▸ ASSIGNED TASK
Whatever pictures appear, omit them, and repeat the data below exactly.

▸ RECORD SET
.....

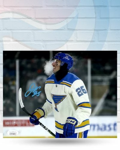 This Jordan Kyrou St Louis Blues autographed photo is the perfect addition to your fan cave. Jordan Kyrou personally hand-signed this photo during an autograph signing. Fan Cave guarantees this autograph with a Certificate of Authenticity and tamper resistant hologram from James Spence Authentication. Whether you’re looking to add to your personal collection or seeking the best gift, the Jordan Kyrou St Louis Blues autographed photo is a great choice!Â
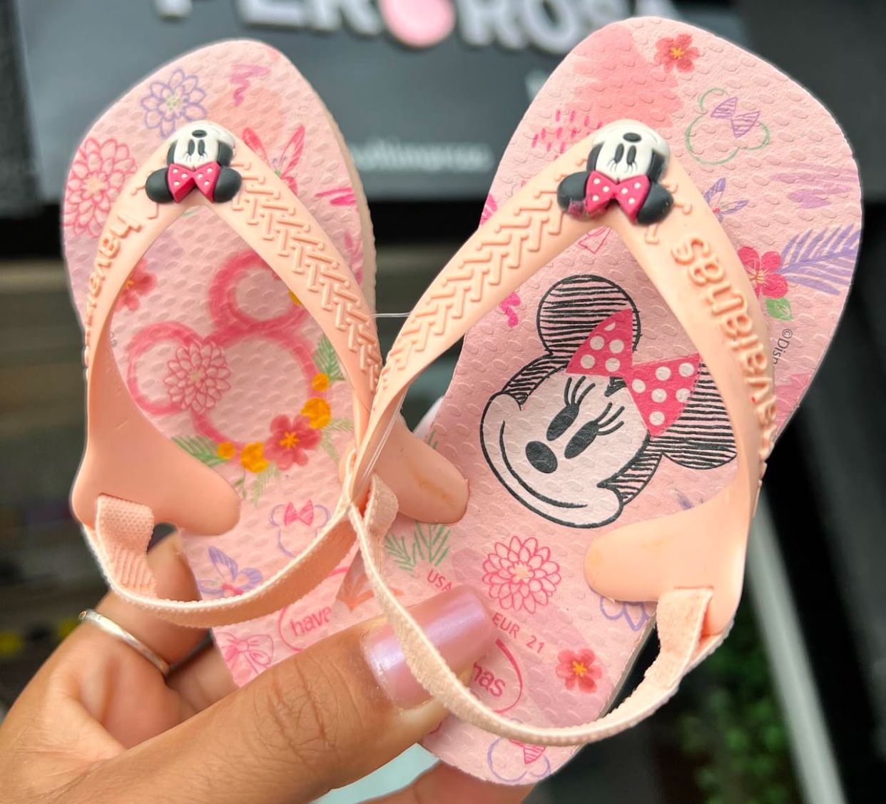 Un vent d’été souffle sur les petits pieds avec cette paire Havaianas baby à l’effigie de Minnie. Un décor florale, des couleurs vitaminées et une bride de maintien pour allier confort et sécurité.
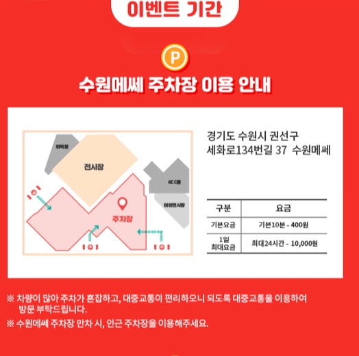 메쎄 주차장이 만차일경우 차선책으로 생각해 볼 수 있는 인근 주차장으로는 롯데몰 주차장과 수원역 환승센터 주차장이 있긴하지만 요금이 부과되니까 참고 하셔서 주차하시면 좋을것 같네요~
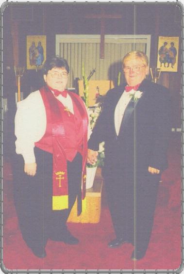 The picture to the right is that of Rev. Kaye A. Lee and her spouse of 16 years, It was so great to have Rev. Kaye Lee perform our Holy Union on our 25th Silver Anniversary which we cellebrated on July 19, 1997. The Ceremony was performed at Lighthouse Metropolitan Community Church in Oklahoma City, OK Thank you so very much Kaye and Pat you are what we speak of when we speak of Christianity and God's love, I wish there were more like you and so this tribute is to you for all that you have done for Larry and myself. Love you forever, Rick and Larry | Rev. Kaye Lee and Pat Moore | ||||||||||||||||
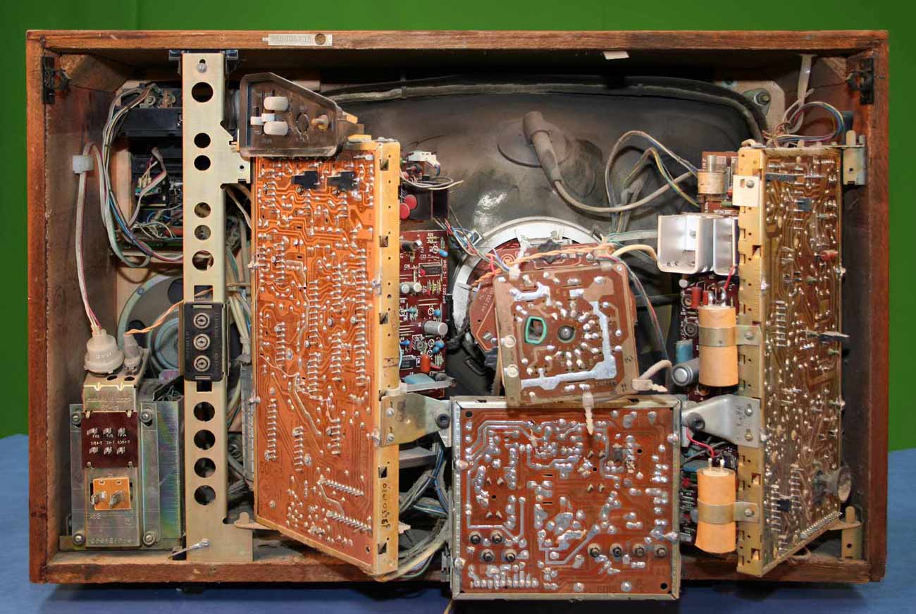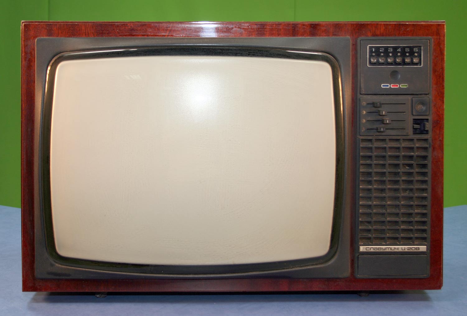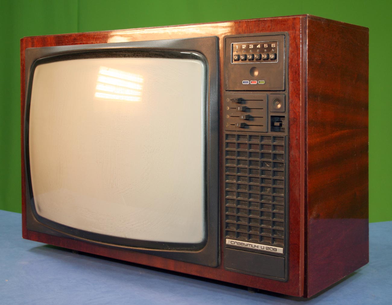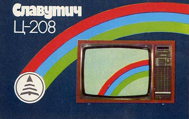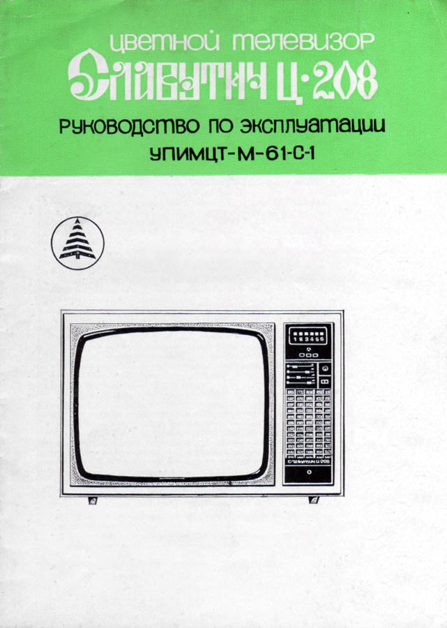 Телевизионный приёмник цветного изображения *Славутич Ц-208* с 1986 года выпускал Киевский радиозавод. Цветной полупроводниково-интегральный телевизор блочно-модульной конструкции УПИМЦТ-М-61-С-1 с кинескопом 61ЛК4Ц и углом отклонения лучей в 90° (наличие блока сведения). Сенсорное устройство выбора программ. Световая индикация для выбранной программы. Приём в диапазонах МВ и ДМВ. Гнёзда для подключения магнитофона, головных телефонов. Корпус облицован декоративной плёнкой или шпоном с лаковым покрытием. Потребляемая мощность 145 Вт. Габариты ТВ - 520x752,5x558 мм. Вес 43,5 кг. Цена 665 рублей. Подробнее в инструкции по эксплуатации.
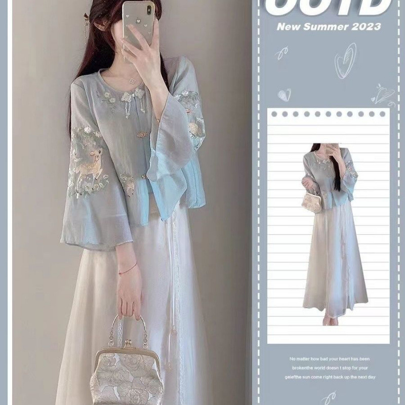 新しい中国風の古代中国の漢服女性の茶芸服ハイエンド唐装夏のトップシャツドレス 2 点セット

.....

▸ SOLVED PROBLEM
 This Jordan Kyrou St Louis Blues autographed photo is the perfect addition to your fan cave. Jordan Kyrou personally hand-signed this photo during an autograph signing. Fan Cave guarantees this autograph with a Certificate of Authenticity and tamper resistant hologram from James Spence Authentication. Whether you’re looking to add to your personal collection or seeking the best gift, the Jordan Kyrou St Louis Blues autographed photo is a great choice!Â
 Un vent d’été souffle sur les petits pieds avec cette paire Havaianas baby à l’effigie de Minnie. Un décor florale, des couleurs vitaminées et une bride de maintien pour allier confort et sécurité.
 메쎄 주차장이 만차일경우 차선책으로 생각해 볼 수 있는 인근 주차장으로는 롯데몰 주차장과 수원역 환승센터 주차장이 있긴하지만 요금이 부과되니까 참고 하셔서 주차하시면 좋을것 같네요~
 The picture to the right is that of Rev. Kaye A. Lee and her spouse of 16 years, It was so great to have Rev. Kaye Lee perform our Holy Union on our 25th Silver Anniversary which we cellebrated on July 19, 1997. The Ceremony was performed at Lighthouse Metropolitan Community Church in Oklahoma City, OK Thank you so very much Kaye and Pat you are what we speak of when we speak of Christianity and God's love, I wish there were more like you and so this tribute is to you for all that you have done for Larry and myself. Love you forever, Rick and Larry | Rev. Kaye Lee and Pat Moore | ||||||||||||||||
 Телевизионный приёмник цветного изображения *Славутич Ц-208* с 1986 года выпускал Киевский радиозавод. Цветной полупроводниково-интегральный телевизор блочно-модульной конструкции УПИМЦТ-М-61-С-1 с кинескопом 61ЛК4Ц и углом отклонения лучей в 90° (наличие блока сведения). Сенсорное устройство выбора программ. Световая индикация для выбранной программы. Приём в диапазонах МВ и ДМВ. Гнёзда для подключения магнитофона, головных телефонов. Корпус облицован декоративной плёнкой или шпоном с лаковым покрытием. Потребляемая мощность 145 Вт. Габариты ТВ - 520x752,5x558 мм. Вес 43,5 кг. Цена 665 рублей. Подробнее в инструкции по эксплуатации.
 新しい中国風の古代中国の漢服女性の茶芸服ハイエンド唐装夏のトップシャツドレス 2 点セット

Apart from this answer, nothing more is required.